A YOUNG man who was caught in a car with more than 80 wraps of heroin and crack cocaine has escaped being jailed after a judge criticised the police handling of the case.
Judge Peter Cooke said he was ‘unimpressed’ by the explanation given by Ahmed Sharmarkey for having the drugs – but ‘even less impressed by the investigation of this matter.’
Sharmarkey (20) of Foxglove Close, Holbrooks, Coventry, had pleaded guilty at Warwick Crown Court to possessing heroin and crack cocaine with intent to supply them.
He entered his pleas on the basis that he had been under pressure to hold the drugs for another person, but the prosecution alleged he was a street dealer.

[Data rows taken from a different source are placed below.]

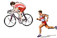
Langlauf oder Fahrrad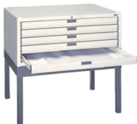
マップケース A1 MPC-A 付属品 / カギ1本 978(W)×740(D)×415(H) mm 引き出し内寸法 882(W)×660(D)×47(H) mm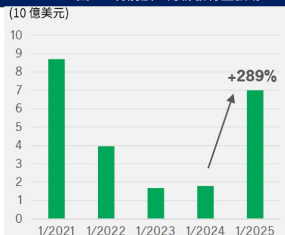
圖 2：特別股一月份發行量強勁

資料來源：Piper Sandler & Co.及 Morgan Stanley 截至 2025 年 1 月 31 日。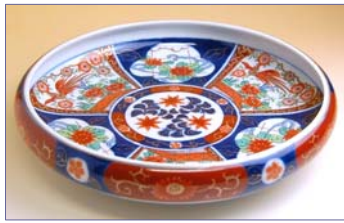
201080 上錦三方割牡丹鳳凰 9寸鉄鉢 (径 27.3cm) 1 6 8 0 0 円 (本体価格 1 6 0 0 0 円)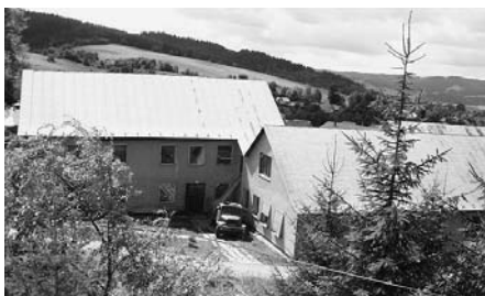
Projekt zateplenia podkrovných priestorov ZŠ v obci Rabča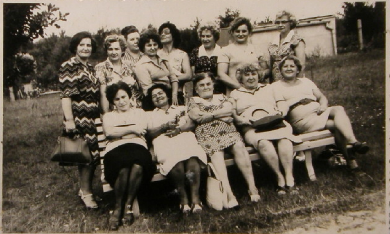
Zielonogórzanki i Krośnianki - najmiłsze dziewczyny.

Prosecutor Kevin Saunders said that in October 2016 police officers approached a car which was parked in Windsor Street, Spon End in Coventry, in the middle of the afternoon.
There were two occupants, and the officers could smell cannabis, which the driver had been smoking.

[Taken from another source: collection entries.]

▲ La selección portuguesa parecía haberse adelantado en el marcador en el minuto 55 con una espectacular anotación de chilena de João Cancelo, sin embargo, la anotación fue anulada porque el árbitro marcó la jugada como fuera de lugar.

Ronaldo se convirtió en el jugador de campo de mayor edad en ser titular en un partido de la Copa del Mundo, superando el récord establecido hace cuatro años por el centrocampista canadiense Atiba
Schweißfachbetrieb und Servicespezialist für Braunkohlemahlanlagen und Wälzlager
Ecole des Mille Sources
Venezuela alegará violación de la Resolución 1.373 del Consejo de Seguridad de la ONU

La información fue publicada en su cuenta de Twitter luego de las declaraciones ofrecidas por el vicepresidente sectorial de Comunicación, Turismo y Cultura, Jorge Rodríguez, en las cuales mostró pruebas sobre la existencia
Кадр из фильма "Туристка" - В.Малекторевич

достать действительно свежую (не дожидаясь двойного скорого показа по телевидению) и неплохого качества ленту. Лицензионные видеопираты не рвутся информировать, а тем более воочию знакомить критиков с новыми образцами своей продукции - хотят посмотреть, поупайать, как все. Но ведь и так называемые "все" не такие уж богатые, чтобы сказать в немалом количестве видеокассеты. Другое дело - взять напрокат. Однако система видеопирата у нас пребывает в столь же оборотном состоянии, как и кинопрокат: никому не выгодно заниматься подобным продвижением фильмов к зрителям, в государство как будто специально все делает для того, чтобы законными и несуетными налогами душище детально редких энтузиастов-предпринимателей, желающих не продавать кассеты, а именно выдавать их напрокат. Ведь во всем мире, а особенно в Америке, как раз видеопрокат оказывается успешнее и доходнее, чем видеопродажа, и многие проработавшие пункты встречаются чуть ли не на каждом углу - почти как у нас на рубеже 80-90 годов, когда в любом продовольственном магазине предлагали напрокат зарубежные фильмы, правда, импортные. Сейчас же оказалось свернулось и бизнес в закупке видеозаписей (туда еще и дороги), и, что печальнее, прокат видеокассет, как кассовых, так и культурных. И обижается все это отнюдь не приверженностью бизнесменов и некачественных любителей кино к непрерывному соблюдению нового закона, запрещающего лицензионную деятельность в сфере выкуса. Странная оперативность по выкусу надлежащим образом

One of the officers noticed Sharmarkey was fidgeting and touching his groin area as if he had something secreted there, so he was asked if he had any drugs on him, which he denied.
He was arrested, and at the police station it was found he had a bag down his trousers in which there were 42 wraps of heroin and 39 wraps of crack, worth a total of £810.
Four phones and a note said to be a ‘dealer’s list’ were recovered from the car, as was a bag containing £100 in change.
And Mr Saunders said: “The finding of coins rather than wads of notes is consistent with dealing to impoverished addicts, according to the police drug expert.”
Giving evidence, Sharmarkey said he owed money to someone he was buying ‘weed’ from.
“He came and seen me that time and asked me to hold this item, otherwise he knows some of my family.”
Sharmarkey said that following his arrest he did at first deny having any drugs, but that at the police station he had taken the bag from down his trousers.
He accepted his fingerprints would be on the outer package, but asked by his barrister Ian Speed whether the police would find his prints on the individual wraps, he replied: “No.”
Sharmarkey said he knew nothing about the piece of paper found in the car or about any of the phones apart from his own, on which he said there was nothing to do with drugs, and that he did not know about the cash in the glove box.
Questioned by Mr Saunders, Sharmarkey, who said he had been on his way to play baseball with friends, insisted: “I am not a drug dealer.”
Mr Speed pointed out that none of the phones had been analysed by the police, the bag and the wraps had not been checked for fingerprints, and nor had the note or the bag of coins.
And he argued: “The Crown, through the officers, have a duty to examine all the evidence in a case, which they haven’t done, so he’s at a disadvantage.”
Judge Cooke commented: “I don’t believe for a minute everything he said. If you are leant on by someone to do this, you wouldn’t be going off to play baseball.
“But this investigation has fallen lamentably short of what they should have done.
“They haven’t analysed the phones, they haven’t looked at the packaging. It could have been handed over to him as a job lot.
“Although I’m very sceptical, I feel obliged to give him the benefit of the doubt.”
Urging him to pass a suspended sentence, Mr Speed added: “He’s not a bad lad, he’s saveable. He’s kept out of trouble since this. He’s a young man, I would suggest, you are not going to see again.”
Sharmarkey was sentenced to two years in prison suspended for two years, with a 20-day rehabilitation activity, and was ordered to do 150 hours of unpaid work.
Judge Cooke told him: “You have had a very close shave, because you have lent your assistance to a street dealer of class A drugs in circumstances which remain murky.
“I am unimpressed by some of the explanation you’ve given me – but I am even less impressed by the investigation of this matter.”